But he had – he’d tried to. Sometimes he’d make up some lie or another if only to make the pain stop, but nothing he’d said was what they wanted to hear. In the end, he’d told them everything he could think of, both real and imagined, so that by the time Lorca arrived he was only repeating confessions they had already heard.

‘I’m a coward,’ he whispers, ‘That’s why L’Rell never killed me. Because she knew it would be more painful to live.’

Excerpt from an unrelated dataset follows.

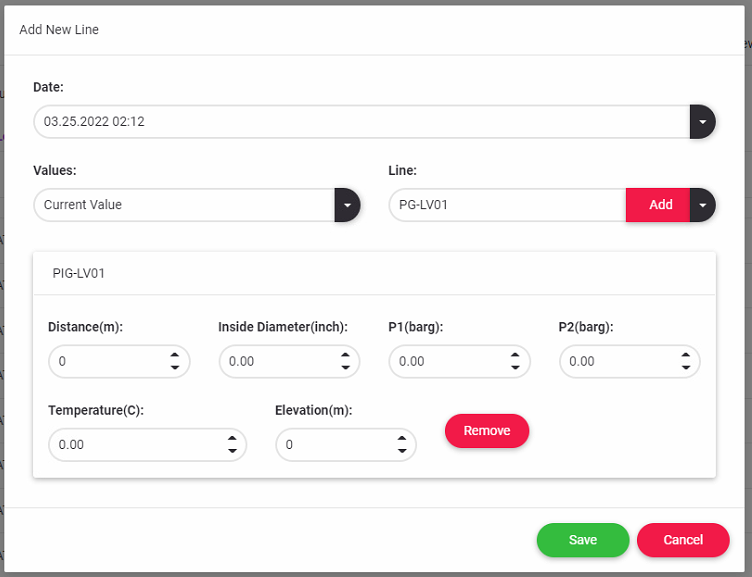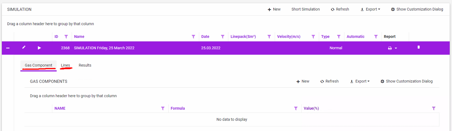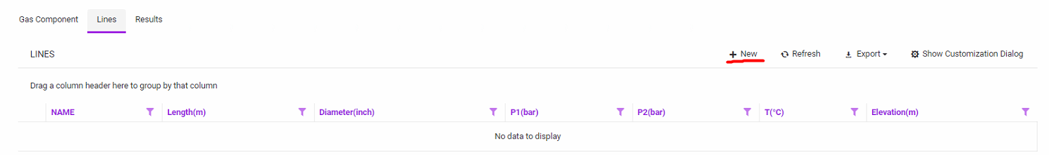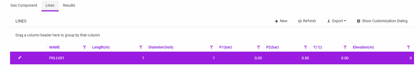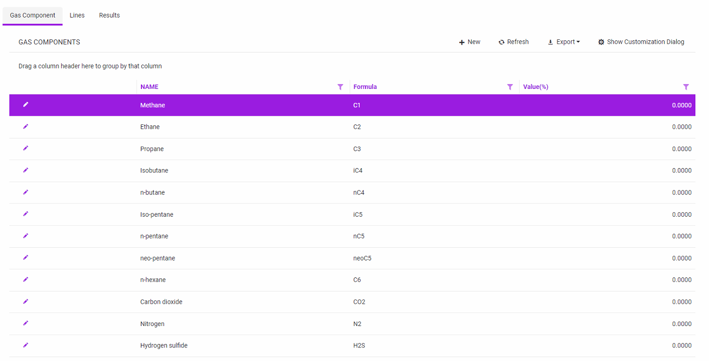 By pressing “+” button, Gas Components and Lines properties can be add the project.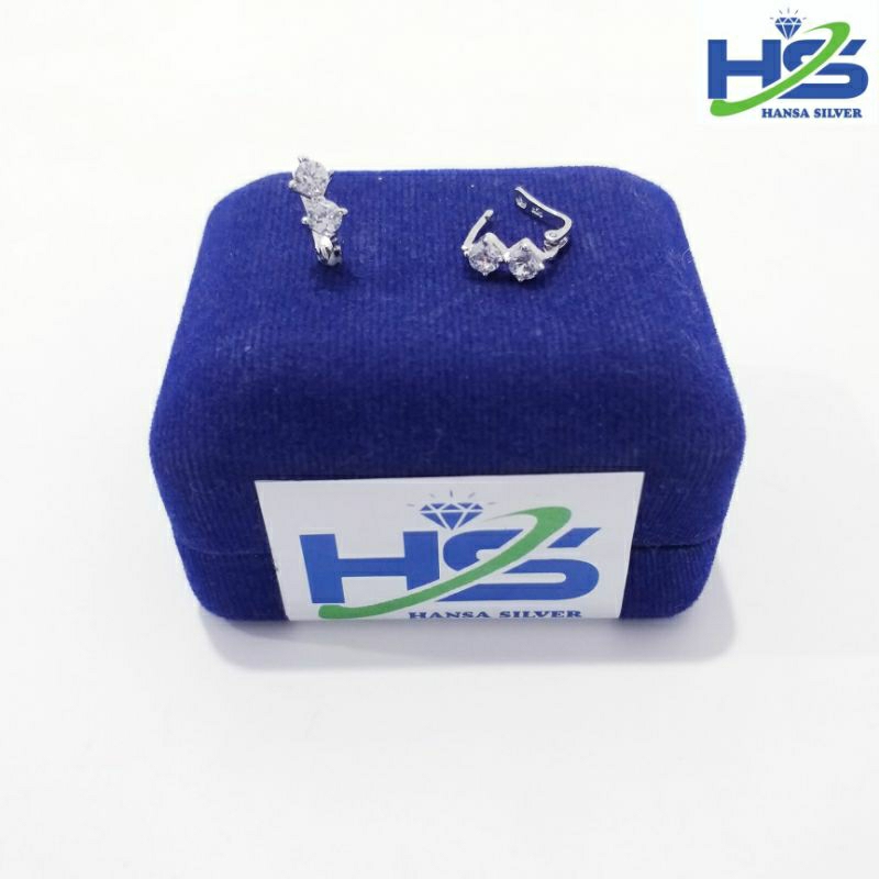 Anting jepit wanita perak asli 925 lapis emas putih model dua permata

Lorca’s head is tilted back at what must be an uncomfortable angle, and glancing up at him Ash wonders if he has slipped into some sort of alcoholic coma, and what the protocol for such an incident might be. He can imagine the talk. But Lorca is only resting his eyes.

‘I’m glad it was you,’ he murmurs after a great deal of silence, so quietly that Ash at first believes that he is speaking to himself. ‘I don’t envy you for what happened, with the Klingon. But I’m glad it’s wasn’t somebody else. You’re not a coward, Ash. You were just trying to survive.’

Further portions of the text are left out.